Por outro lado, a Ministra do Mar de Portugal, Ana Paula Vitorino que também esteve presente no evento, destacou o fato de que o setor portuário e de logística são fundamentais para o Brasil, pois nós “somos a porta de entrada de produtos brasileiros na Europa e é por isso que prezamos pelas as relações entre os países”. 

(2)    O diagnóstico é conhecido quando se discutem os problemas da falta de investimentos em infraestrutura no Brasil: baixa competitividade nas licitações, baixa qualidade dos estudos e projetos, morosidade no licenciamento dos projetos, insegurança jurídica nos contratos com o setor privado, alto intervencionismo estatal e ausência de planejamento estatal de longo prazo.

(3)    De acordo com o Banco Mundial, que realiza e divulga pesquisa nesse sentido (LPI – Logistics Performance Index), os cinco países que lideraram o ranking internacional de eficiência logística são: Alemanha (4,23), Luxemburgo (4,22), Suécia (4,20), Holanda (4,19) e Singapura (4,14). As piores colocações são da  Síria (1,60), Haiti (1,72) e Somália (1,75). As notas são de 1 a 5. De acordo com o relatório do Banco Mundial, em 2007, quando o primeiro levantamento foi divulgado, o Brasil ocupava a 61ª oposição do ranking com um índice geral de 2,75, em 2014 o índice brasileiro geral melhorou para 2,94 (65ª posição) e em 2016, com índice geral de 3,09 o Brasil subiu para a 55ª oposição, à frente dos nossos vizinhos Argentina e Uruguai.

(4)    “Investimento, regulação e segurança jurídica”, artigo de Arnaldo Wald e Roberto Giannetti da Fonseca, para o Estadão no último dia 25. “Para que haja uma retomada de investimentos, inclusive na área de infraestrutura, é necessário haver uma mudança de contexto cultural nas relações entre o Estado e a sociedade civil”.

(5)    De acordo com o Engenheiro Edson Dalto, do BNDES, o banco estatal já investiu em infraestrutura, nos últimos três anos, cerca de R$ 412 bilhões (R$ 188 bilhões em 2014, R$ 136 bilhões em 2015 e R$ 88 bilhões em 2016). Desse total, dos últimos três anos, R$ 23 bilhões foram somente na logística. E continuará investindo, pois o BNDES considera o setor de infraestrutura nacional fundamental para o País.

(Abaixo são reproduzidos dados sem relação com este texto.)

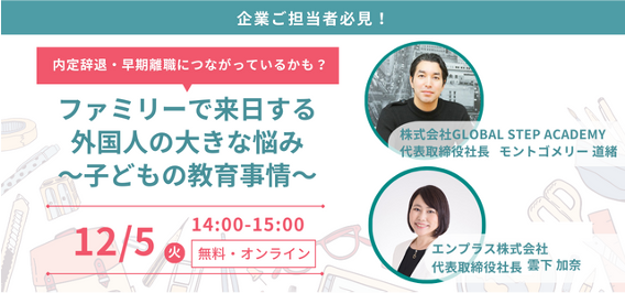 Join us on December 5th for an insightful webinar designed specifically for companies engaging foreign employees. The webinar will shed light on crucial aspects of children's education in Japan, addressing foreign employees' concerns that often influence their decisions regarding job offers or premature job terminations

De 2017 a 2020 o banco pretende investir mais R$ 85 bilhões em infraestrutura logística nacional, sendo R$ 46,1 bilhões rodovias, R$ 28,2 bilhões em ferrovias e R$ 13,6 bilhões em portos e terminais.

(6)    O PPI (Programa de Parcerias de Investimento), instituída pela Lei nº 13.334/2016, tem como principais objetivos, melhorar e fortalecer o relacionamento entre Estado e iniciativa privada, de forma a atrair investimentos para obras de infraestrutura (rodovias, ferrovias, aeroportos, portos, geração e distribuição de energia, saneamento básico etc.). Na exposição de motivos da Lei, além da necessidade de se gerar mais empregos, a justificativa para a criação do PPI é em função da atual crise econômica, que está impedindo o Estado brasileiro de investir em obras de infraestrutura. 

(7)    Segundo a FIRJAN (Federação das Indústrias do Estado do Rio de Janeiro), entre 2011 e 2016, em todo o Brasil, o roubo de cargas gerou prejuízos acima dos R$ 6,1 bilhões. Isto, evidentemente, entre outras providências, tem aumentado a busca por soluções para melhorar a segurança das operações.

(8)    Projetos de segurança e tecnologia da informação para portos e aeroportos (com muitos quilômetros de perímetro e com pouca iluminação), com sistemas de vídeo monitoramento e uso de câmeras que identificam suspeitos se aproximando de um muro ou de uma cerca e até mesmo um passageiro que avança por áreas proibidas, foram alguns dos exemplos apresentados. Sistemas que disponibilizam informações imediatas e em tempo real, possibilitando o monitoramento e a checagem da situação das entregas, carretas de transporte equipadas com esteiras motorizadas e elevadores transportadores, que carregam e descarregam mercadorias em tempos cada vez menores e a utilização de caminhões-baús inteligentes, uma vez que são programados para controlar a temperatura nas cargas refrigeradas e, caso identifique algum problema na via, recalcular a rota da viagem, são outros exemplos que, não há dúvidas, aumentam a qualidade e a segurança dos serviços logísticos prestados.

(9)    O Diretor Sênior da DHL Supply Chain, Marcius Braga, estima que os congestionamentos brasileiros, custam para o Brasil, cerca de U$ 19,1 bilhões!